🤖 AI Summary
This work proposes Federated Adaptive Progressive Distillation (FAPD), a novel framework addressing the mismatch between high-dimensional teacher models and the heterogeneous learning capabilities of edge clients in federated learning. FAPD introduces adaptive curriculum learning into federated knowledge distillation for the first time, constructing a knowledge hierarchy by hierarchically decomposing teacher features via PCA and dynamically regulating the complexity and pacing of knowledge transfer through a temporal consensus window. By leveraging dimension-adaptive projection matrices and a global consensus mechanism, FAPD accommodates device heterogeneity while enhancing convergence efficiency.
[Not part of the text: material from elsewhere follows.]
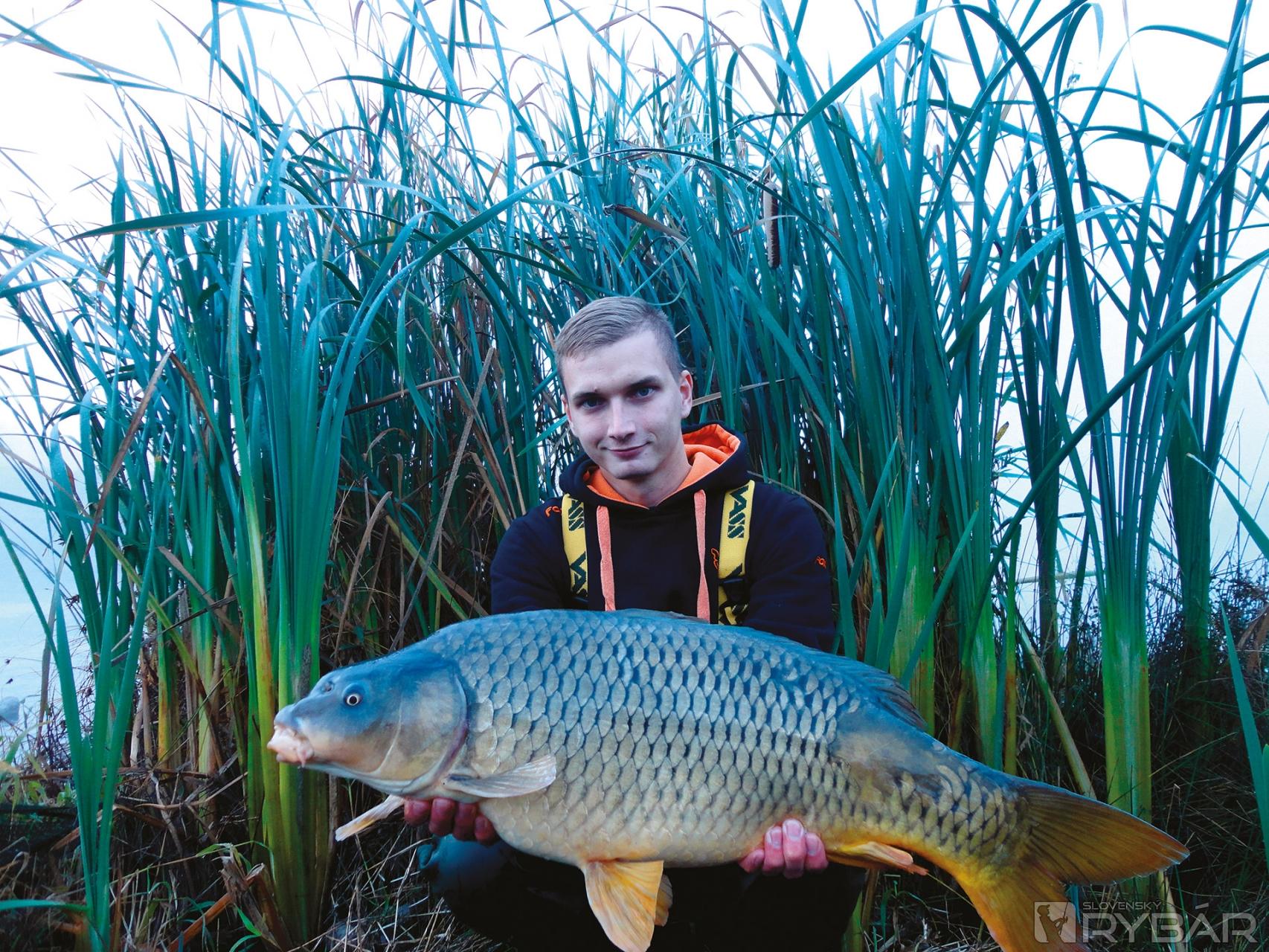 Poslednú výpravu som si naplánoval na koniec októbra. Nakoniec sa z toho vykľuli 2 párhodinové vychádzky. Prvú som absolvoval s kamarátom Maťom, ktorý túžil zdolať aspoň jedného kapra nad 5 kg. Jesenné počasie bolo naozaj premenlivé. Vystriedal sa silný vietor, slnko, oblačno, sneh a dokonca aj ľadovec. Báli sme sa, aký vplyv to bude mať na aktivitu rýb. Voda už bola chladná a studený vietor ju neustále ochladzoval. Nakoniec sme urobili tri zábery. Ja som mal nízkeho šupináča, Maťo jednookého šupináča, ktorý nám zamával pred podberákom a druhého dokonalého koženého lysca so zimnými farbami. Cieľ bol splnený a mňa čakala ešte posledná akcia na túto vodu. Druhá pár hodinovka sa niesla v lepšom počasí, avšak už pod bodom mrazu. Pridal sa ku mne aj Jakub. Zvolil som miesto, ktorému som asi najviac veril. Jama, ktorá mi už priniesla pár pekných rýb. Bude to znieť strašne jednoducho. Prišiel som, chytil som troch kaprov a odišiel domov. K vode sme došli hneď po rozvidnení. Nahodili sme prúty a čakali. O pár minút sa ozýva môj ľavý prút. Už klasicky nasleduje dlhé preťahovanie o každý meter. Keď sa pred podberákom ukazuje dlhý tmavý kapor, modlím sa, aby sa nič nepokazilo. Všetko sa dobre končí a ja sa môžem odfotografovať so zdravou bojovnou rybou. Keďže vonku mrzlo, bolo potrebné kapra na podložke neustále polievať.

Experiments demonstrate that FAPD improves accuracy by 3.64% over FedAvg on CIFAR-10 and achieves a 2× faster convergence rate; under extreme non-IID settings (α=0.1), it further outperforms FedAvg by over 4.5%.
📝 Abstract
Recent advances in collaborative knowledge distillation have demonstrated cutting-edge performance for resource-constrained distributed multimedia learning scenarios. However, achieving such competitiveness requires addressing a fundamental mismatch: high-dimensional teacher knowledge complexity versus heterogeneous client learning capacities, which currently prohibits deployment in edge-based visual analytics systems. Drawing inspiration from curriculum learning principles, we introduce Federated Adaptive Progressive Distillation (FAPD), a consensus-driven framework that orchestrates adaptive knowledge transfer. FAPD hierarchically decomposes teacher features via PCA-based structuring, extracting principal components ordered by variance contribution to establish a natural visual knowledge hierarchy. Clients progressively receive knowledge of increasing complexity through dimension-adaptive projection matrices. Meanwhile, the server monitors network-wide learning stability by tracking global accuracy fluctuations across a temporal consensus window, advancing curriculum dimensionality only when collective consensus emerges. Consequently, FAPD provably adapts knowledge transfer pace while achieving superior convergence over fixed-complexity approaches. Extensive experiments on three datasets validate FAPD's effectiveness: it attains 3.64% accuracy improvement over FedAvg on CIFAR-10, demonstrates 2x faster convergence, and maintains robust performance under extreme data heterogeneity (α=0.1), outperforming baselines by over 4.5%.